TASK STATEMENT: Using the data below, transcribe exactly everything from the line that contains "功率半导体器件的功率损耗和结点温度外文翻译资料 2023-03-05 17:22:44" down to the line that contains "org_content_creator_role& course creator". Include both of those lines and none of the pictures.

PROVIDED MATERIAL:
***

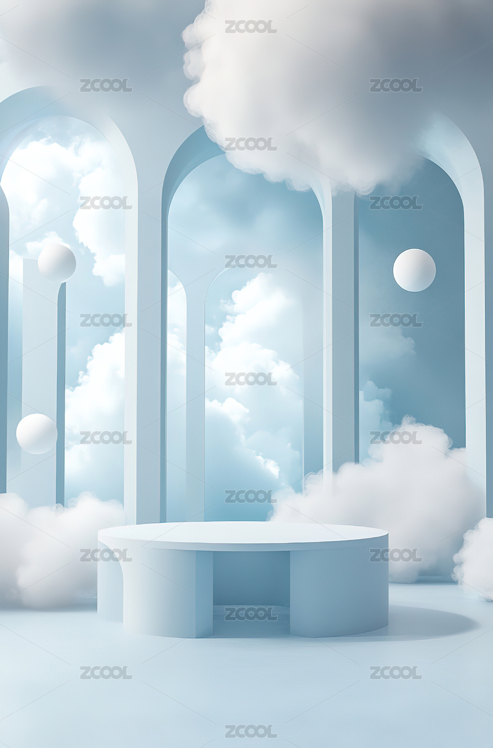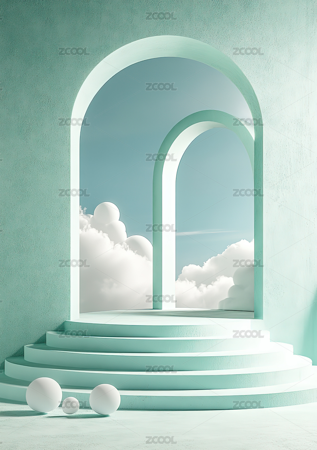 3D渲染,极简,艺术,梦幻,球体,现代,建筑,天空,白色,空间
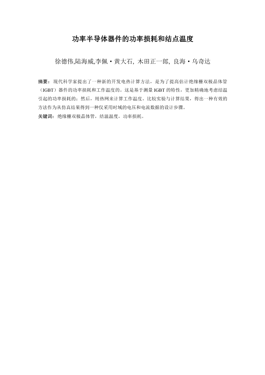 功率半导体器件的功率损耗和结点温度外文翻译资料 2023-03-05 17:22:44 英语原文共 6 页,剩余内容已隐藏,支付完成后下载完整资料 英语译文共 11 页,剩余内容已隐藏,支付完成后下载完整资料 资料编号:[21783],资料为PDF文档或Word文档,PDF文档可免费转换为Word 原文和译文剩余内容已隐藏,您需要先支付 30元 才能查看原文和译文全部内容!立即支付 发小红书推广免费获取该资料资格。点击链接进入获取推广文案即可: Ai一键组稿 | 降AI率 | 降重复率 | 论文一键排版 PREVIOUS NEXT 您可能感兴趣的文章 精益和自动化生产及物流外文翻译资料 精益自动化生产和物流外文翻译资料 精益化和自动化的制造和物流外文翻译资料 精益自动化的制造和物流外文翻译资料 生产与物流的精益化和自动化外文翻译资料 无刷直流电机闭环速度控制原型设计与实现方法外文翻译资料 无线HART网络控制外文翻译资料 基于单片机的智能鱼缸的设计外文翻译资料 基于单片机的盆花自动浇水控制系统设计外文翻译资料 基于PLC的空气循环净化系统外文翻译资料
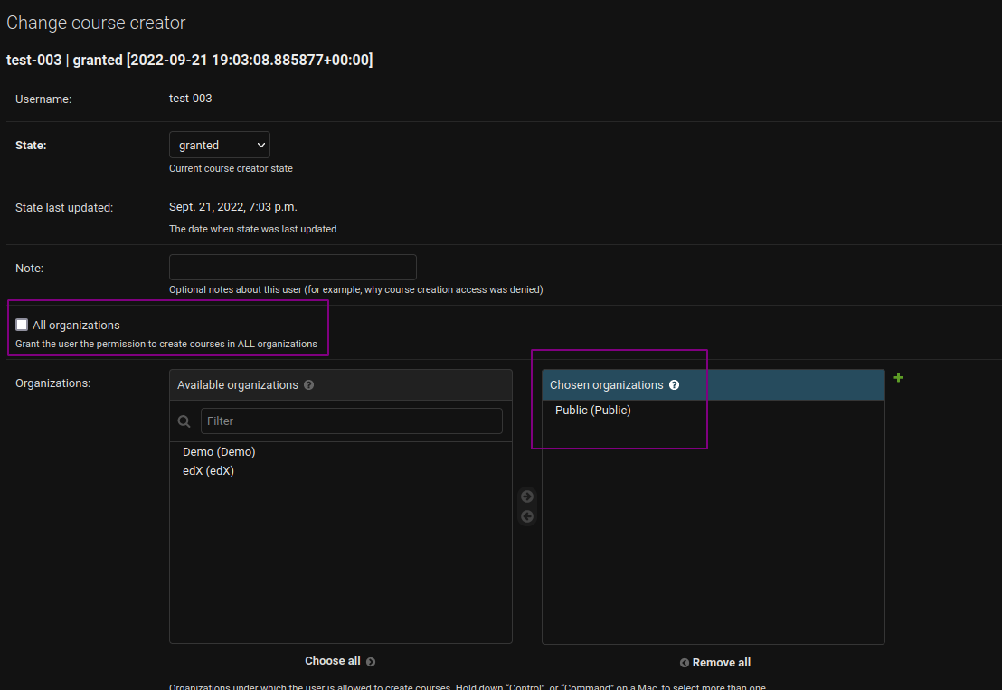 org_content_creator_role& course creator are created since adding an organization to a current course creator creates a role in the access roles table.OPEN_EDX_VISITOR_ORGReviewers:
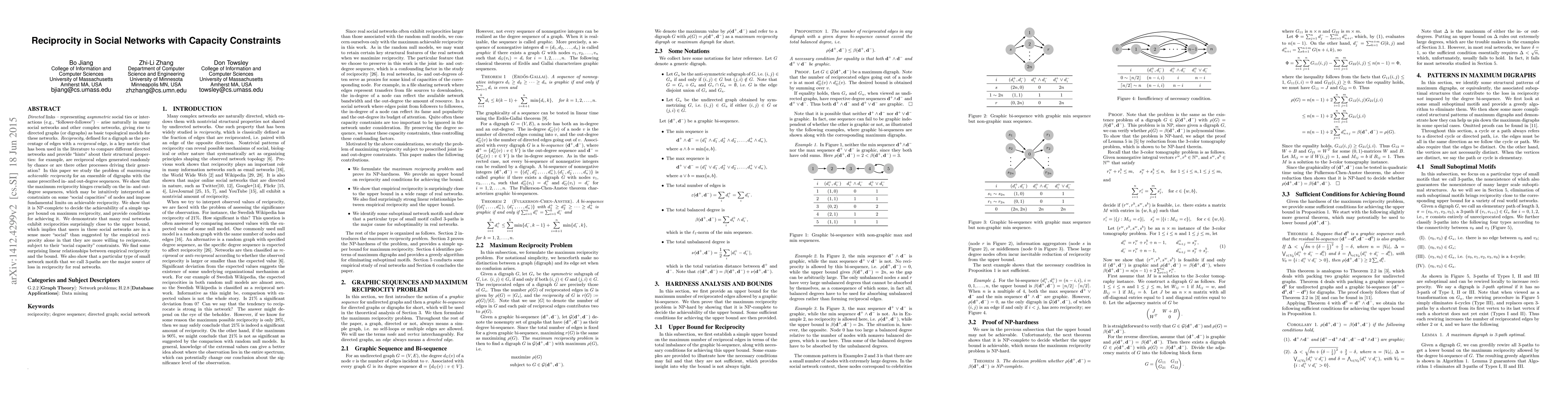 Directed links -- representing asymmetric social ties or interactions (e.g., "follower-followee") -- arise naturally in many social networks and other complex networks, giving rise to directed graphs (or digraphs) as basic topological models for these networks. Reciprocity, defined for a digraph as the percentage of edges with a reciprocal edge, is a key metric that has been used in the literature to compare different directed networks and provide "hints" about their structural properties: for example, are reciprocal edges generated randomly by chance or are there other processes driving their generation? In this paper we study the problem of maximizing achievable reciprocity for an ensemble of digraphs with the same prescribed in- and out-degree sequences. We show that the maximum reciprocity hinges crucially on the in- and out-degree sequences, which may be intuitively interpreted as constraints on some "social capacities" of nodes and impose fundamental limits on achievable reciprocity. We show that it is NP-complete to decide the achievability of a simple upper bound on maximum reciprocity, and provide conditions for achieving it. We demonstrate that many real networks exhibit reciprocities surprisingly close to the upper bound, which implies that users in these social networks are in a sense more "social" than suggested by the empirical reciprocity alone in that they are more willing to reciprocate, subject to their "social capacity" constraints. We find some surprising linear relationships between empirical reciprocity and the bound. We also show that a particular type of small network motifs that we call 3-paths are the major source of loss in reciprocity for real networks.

***

COMPLETED TASK:
 功率半导体器件的功率损耗和结点温度外文翻译资料 2023-03-05 17:22:44 英语原文共 6 页,剩余内容已隐藏,支付完成后下载完整资料 英语译文共 11 页,剩余内容已隐藏,支付完成后下载完整资料 资料编号:[21783],资料为PDF文档或Word文档,PDF文档可免费转换为Word 原文和译文剩余内容已隐藏,您需要先支付 30元 才能查看原文和译文全部内容!立即支付 发小红书推广免费获取该资料资格。点击链接进入获取推广文案即可: Ai一键组稿 | 降AI率 | 降重复率 | 论文一键排版 PREVIOUS NEXT 您可能感兴趣的文章 精益和自动化生产及物流外文翻译资料 精益自动化生产和物流外文翻译资料 精益化和自动化的制造和物流外文翻译资料 精益自动化的制造和物流外文翻译资料 生产与物流的精益化和自动化外文翻译资料 无刷直流电机闭环速度控制原型设计与实现方法外文翻译资料 无线HART网络控制外文翻译资料 基于单片机的智能鱼缸的设计外文翻译资料 基于单片机的盆花自动浇水控制系统设计外文翻译资料 基于PLC的空气循环净化系统外文翻译资料
 org_content_creator_role& course creator are created since adding an organization to a current course creator creates a role in the access roles table.OPEN_EDX_VISITOR_ORGReviewers:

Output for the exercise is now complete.